There was a clear trend toward an increase in accountability and the use of assessment over the 1990s. Interestingly, the increase in assessment came early in the decade and before the crescendo in the state and district accountability systems. By the end of the decade, 46 states had content standards in science, but less than half had them for all three grade ranges. Two-thirds of the states had state assessments in science, but there was some evidence that states using alternative forms of assessment more aligned with the national standards, such as performance assessment, actually declined about the time the NSES document was released. What importance states gave to student performance on science assessments in accountability systems was unavailable in the literature reviewed. Most accountability systems held schools accountable for student performance and directed consequences to low-performing schools.

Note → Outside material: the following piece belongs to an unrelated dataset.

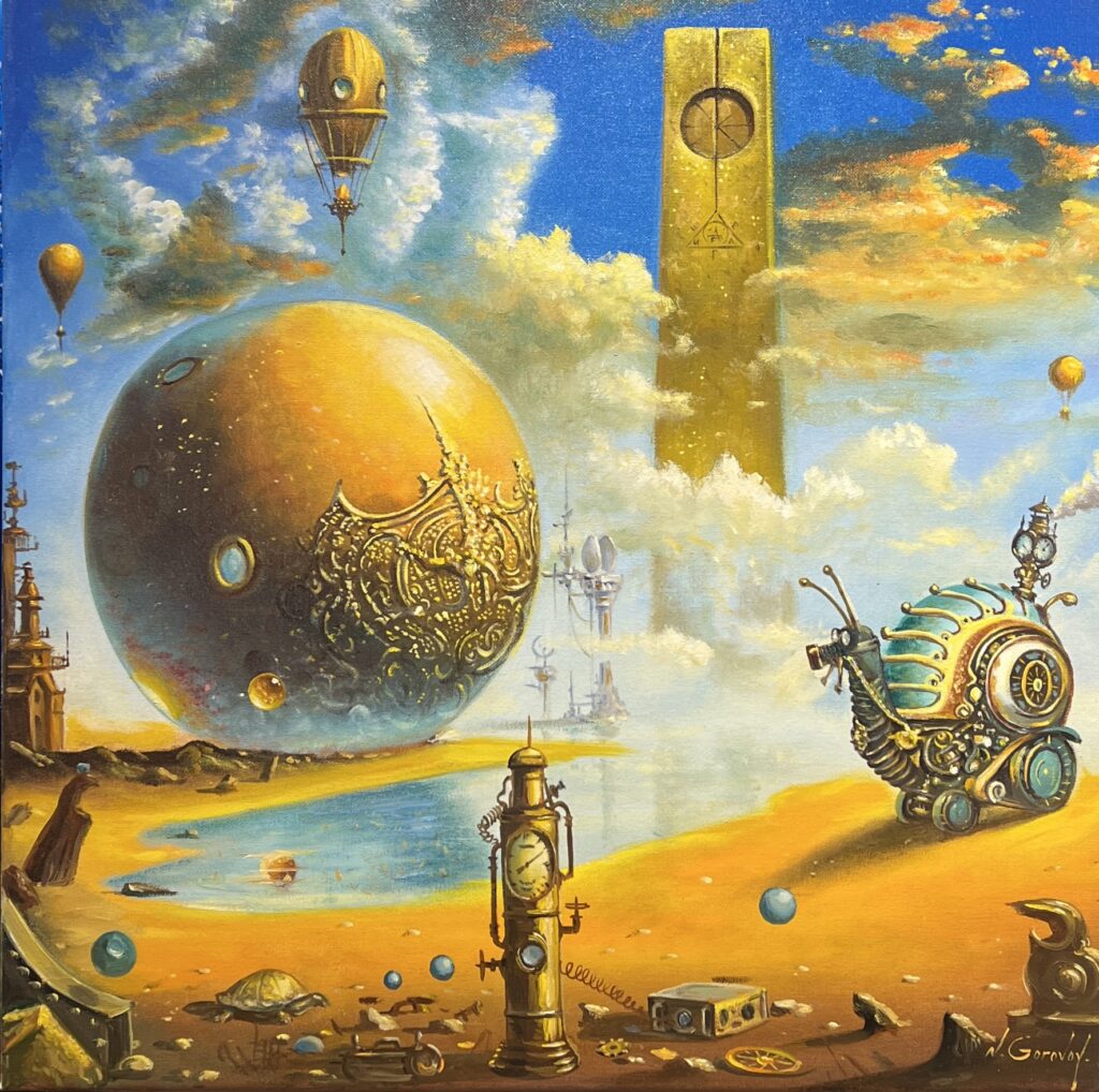 In a whimsical dance between the surreal and the fantastical, this captivating tableau marries the flamboyance of steampunk with echoes of Magritteβs dreamscape. The celestial orb, adorned with intricate golden patterns, seems to hover with an ethereal majesty amidst a vibrant azure sky, where dirigibles float like whimsical thoughts in a feverish dream.

Of the one-half of the states that had moderate to high level of stakes attached to student performance on assessments, almost all also distributed the consequences among students, teachers, schools, and districts—a desirable trait in an accountability system. It is likely that assessment and accountability in science will continue to be given less emphasis with the new federal legislation “No Child Left Behind,” which does not require states to assess in science until the 2007-2008 school year.

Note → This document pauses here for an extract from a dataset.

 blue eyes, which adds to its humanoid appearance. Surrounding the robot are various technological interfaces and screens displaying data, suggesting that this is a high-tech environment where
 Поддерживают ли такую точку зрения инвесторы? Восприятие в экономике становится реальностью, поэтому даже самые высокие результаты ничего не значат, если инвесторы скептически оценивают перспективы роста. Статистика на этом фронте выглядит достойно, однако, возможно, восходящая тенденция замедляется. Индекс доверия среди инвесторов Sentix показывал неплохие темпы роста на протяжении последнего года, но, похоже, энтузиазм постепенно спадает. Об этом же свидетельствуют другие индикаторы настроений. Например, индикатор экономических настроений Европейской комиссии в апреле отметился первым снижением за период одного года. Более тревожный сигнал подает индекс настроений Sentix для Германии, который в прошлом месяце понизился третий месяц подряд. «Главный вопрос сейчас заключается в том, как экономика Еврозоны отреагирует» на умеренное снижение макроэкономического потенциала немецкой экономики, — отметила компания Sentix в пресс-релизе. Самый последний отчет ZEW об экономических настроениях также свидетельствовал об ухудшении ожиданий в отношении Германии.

Determining the influence of the NSES and AAAS Benchmarks on assessments and accountability systems is confounded by a number of other initiatives and developments that coincided with the publication of these documents. The assessment practices and targets for assessments portrayed in the NSES and Benchmarks are compatible with current understandings about how students learn and how this learning can be measured. Assessment practices, such as using multiple measures or having students write about their understandings, are both consistent with teaching for understanding and teaching for inquiry as described in the NSES. Even though a clear link could not be made between assessment practices used by states and districts and the NSES and the Benchmarks, the research does provide convincing evidence that assessment practices do influence both teachers’ practices and subsequent student learning. An increase in formative assessment produces learning gains. This is significant because the emphasis in the NSES and the Benchmarks on teaching for understanding requires assessments that are integral to instruction and continuous as implied by formative assessment. In states that have given high importance to assessment scores, teachers do change their practices some, but not completely, to include more test-like activities in their teaching. However, not all state assessments are fully aligned with state standards indicating that those teachers who just “teach for the test” will likely fall short in students achieving the full expectations as expressed in the standards.

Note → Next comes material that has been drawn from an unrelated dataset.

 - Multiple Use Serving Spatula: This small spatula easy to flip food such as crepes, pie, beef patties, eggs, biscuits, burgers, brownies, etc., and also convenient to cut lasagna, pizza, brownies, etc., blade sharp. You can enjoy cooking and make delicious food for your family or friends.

The research review did not directly establish that the NSES and AAAS Benchmarks have influenced accountability and assessment systems. If this link could be established, then there is evidence that assessment and accountability systems do influence teachers’ classroom practices and student learning. Our review of the literature and the type of research used in this area did reveal some inadequacies in the available research. What is missing and is needed is a comprehensive study of policies of all 50 states that would reveal the linkages between science standards, science assessment, and science accountability. This comprehensive study should include systematic analyses of the alignment between state standards and the NSES and Benchmarks. Such a comprehensive study would provide the missing link by establishing what has been the influence of the national science standards documents with the state standards. Research also is needed to describe and analyze the full science assessment system being used in states, districts, schools, and classrooms. Such an analysis would describe the full range of content being assessed; to what depth the content is assessed; at what level within the system the content is assessed; and how the information is applied to further learning. Such a detailed analysis would attend to the different attributes of assessments including what questions are asked, what responses are elicited, how student responses are scored, how the scores are interpreted, and what is reported. We also did not find any studies related to college placement examinations, another area for other research.

Accountability systems have not stabilized and are still undergoing significant change. These systems also are extremely complex. It is not surprising that definitive research has not been done on how accountability and assessment systems fully work and how these systems are influenced by documents such as the NSES and AAAS Benchmarks. What is clear is the increasing importance these policy components have in education. It is no longer sufficient for science educators who are most interested in the curriculum and the content to ignore the policy arena. Research that bridges and enlightens the relationship between content standards and policy is essential.